• _Records supplied_
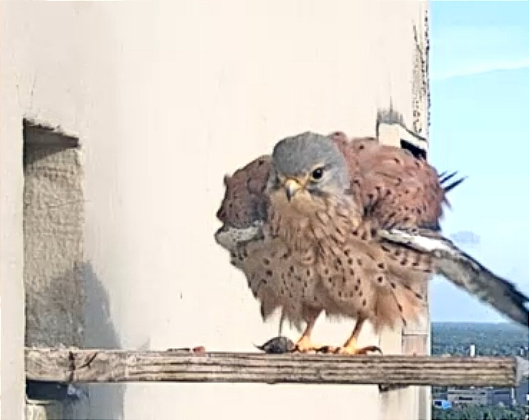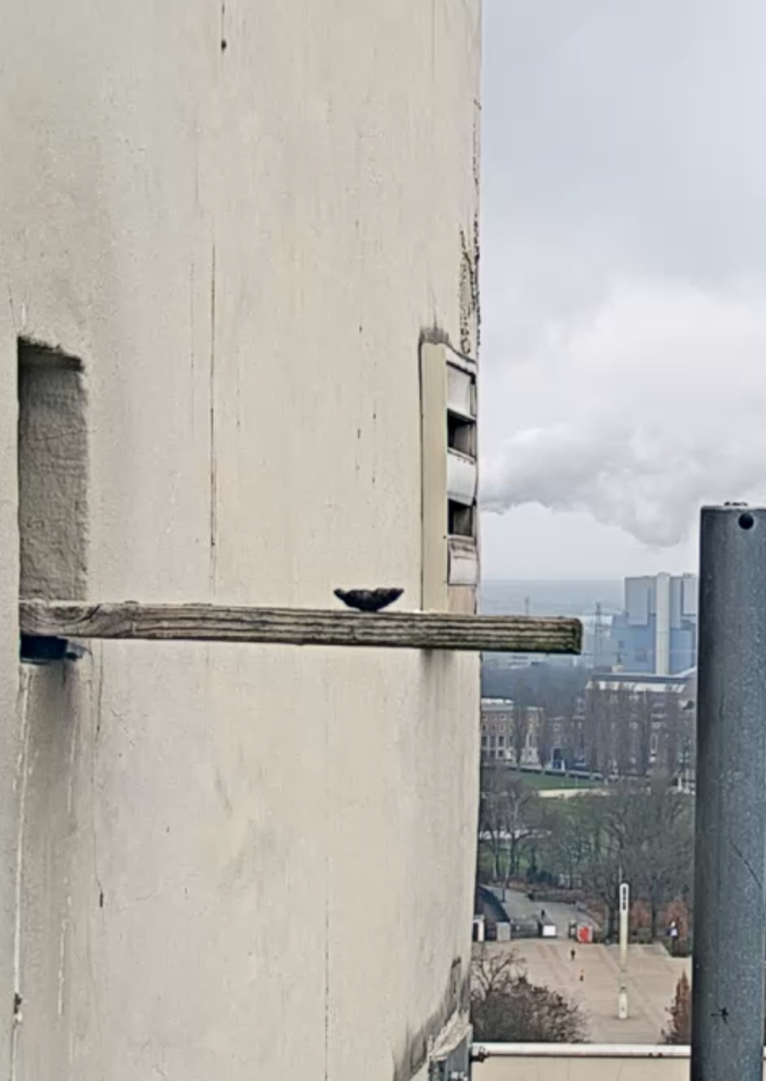 Das Falkenweibchen ist zu einem kurzen Besuch da.
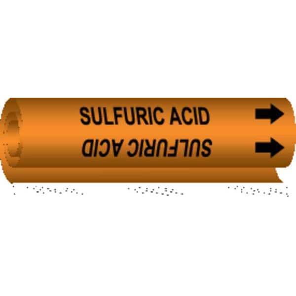 Pipe Marker, Pipe Marker Mounting Style Wrap-Around Pipe Marker, Pipe Marker Legend Sulfuric Acid, Legend Text Color Black, Character Height 1/2 in, Background Color Orange, With or Without Arrows With
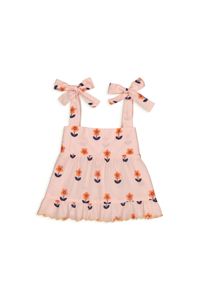 Voile strappy blouse in all-over print with bows on straps and elasticated smocks at back.
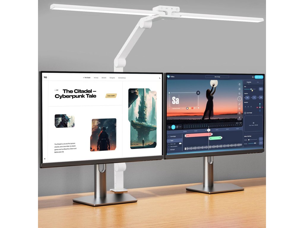 Tato vysoce výkonná 24W LED stolní lampa KableRika je vybavena dvěma světelnými panely s celkovou šířkou až 80 cm, poskytující ultra jasné osvětlení (1200 lm) pro velké pracovní plochy, zakřivené či duální monitory a stoly ve tvaru L. Sklopením panelů lze lampu použít i jako boční osvětlení pro cílenou práci. Flexibilní sklopné rameno (225°) a otočná základna (360°) s pevnými klouby umožňují nastavení světla do libovolného směru až do maximální výšky 68 cm, ideální pro práci, hobby, šití, čtení a studium.
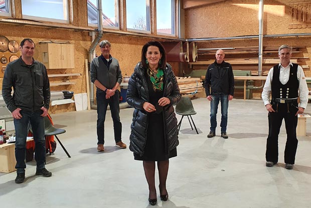 Vor kurzem besuchte Forstministerin Michaela Kaniber den Innungsbetrieb Holzbau Koch in Ainring (Zimmerer-Innung Traunstein/Berchtesgadener Land). Dort diskutierte sie mit Obermeister Martin Kollmeier, zwei weiteren Innungsmitgliedern und Rosenheims stellvertretendem Obermeister Franz Wörndl über die regionale Holzversorgung.
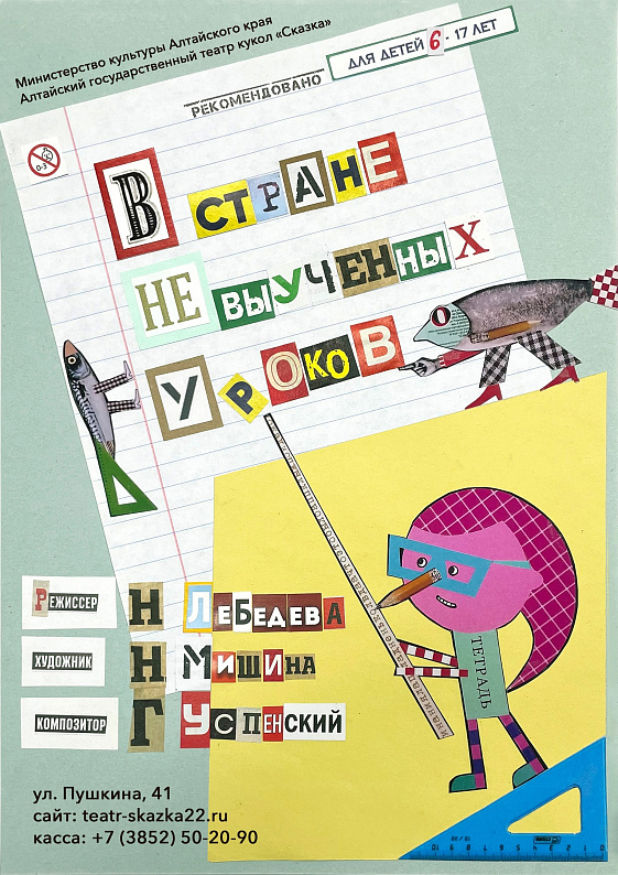 Первый премьерный показ сезона состоялся 1 сентября — спектакль «В стране невыученных уроков» (6+), по популярному произведению Лии Гераскиной в постановке московского режиссёра Натальи Лебедевой.

• _Activity_
Word for word, restate the lines above from the one with "Pipe Marker, Pipe Marker Mounting" through the one with "Vor kurzem besuchte", keeping both ends and dropping the pictures.

• _Task response_
 Pipe Marker, Pipe Marker Mounting Style Wrap-Around Pipe Marker, Pipe Marker Legend Sulfuric Acid, Legend Text Color Black, Character Height 1/2 in, Background Color Orange, With or Without Arrows With
 Voile strappy blouse in all-over print with bows on straps and elasticated smocks at back.
 Tato vysoce výkonná 24W LED stolní lampa KableRika je vybavena dvěma světelnými panely s celkovou šířkou až 80 cm, poskytující ultra jasné osvětlení (1200 lm) pro velké pracovní plochy, zakřivené či duální monitory a stoly ve tvaru L. Sklopením panelů lze lampu použít i jako boční osvětlení pro cílenou práci. Flexibilní sklopné rameno (225°) a otočná základna (360°) s pevnými klouby umožňují nastavení světla do libovolného směru až do maximální výšky 68 cm, ideální pro práci, hobby, šití, čtení a studium.
 Vor kurzem besuchte Forstministerin Michaela Kaniber den Innungsbetrieb Holzbau Koch in Ainring (Zimmerer-Innung Traunstein/Berchtesgadener Land). Dort diskutierte sie mit Obermeister Martin Kollmeier, zwei weiteren Innungsmitgliedern und Rosenheims stellvertretendem Obermeister Franz Wörndl über die regionale Holzversorgung.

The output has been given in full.